▶ **What the task asks**:
Below is a listing; restate from it, character for character, the lines beginning at the line holding "Découvrez la colonne" and ending at the line holding "Below is our", both included.

---------- Provided information

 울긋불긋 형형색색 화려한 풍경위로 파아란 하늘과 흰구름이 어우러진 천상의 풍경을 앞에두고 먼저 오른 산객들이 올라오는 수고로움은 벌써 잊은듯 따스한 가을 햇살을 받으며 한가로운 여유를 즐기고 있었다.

--------------------
---------- Provided information

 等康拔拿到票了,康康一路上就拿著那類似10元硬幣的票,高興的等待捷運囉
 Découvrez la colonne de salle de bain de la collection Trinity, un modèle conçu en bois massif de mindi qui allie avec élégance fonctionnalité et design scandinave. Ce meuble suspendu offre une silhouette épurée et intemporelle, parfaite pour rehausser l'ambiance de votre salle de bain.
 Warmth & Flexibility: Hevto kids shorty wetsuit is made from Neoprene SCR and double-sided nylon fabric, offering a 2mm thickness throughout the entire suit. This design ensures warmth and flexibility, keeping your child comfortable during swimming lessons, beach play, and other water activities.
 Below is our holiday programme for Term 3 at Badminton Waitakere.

--------------------

▶ **Finished task**:
 Découvrez la colonne de salle de bain de la collection Trinity, un modèle conçu en bois massif de mindi qui allie avec élégance fonctionnalité et design scandinave. Ce meuble suspendu offre une silhouette épurée et intemporelle, parfaite pour rehausser l'ambiance de votre salle de bain.
 Warmth & Flexibility: Hevto kids shorty wetsuit is made from Neoprene SCR and double-sided nylon fabric, offering a 2mm thickness throughout the entire suit. This design ensures warmth and flexibility, keeping your child comfortable during swimming lessons, beach play, and other water activities.
 Below is our holiday programme for Term 3 at Badminton Waitakere.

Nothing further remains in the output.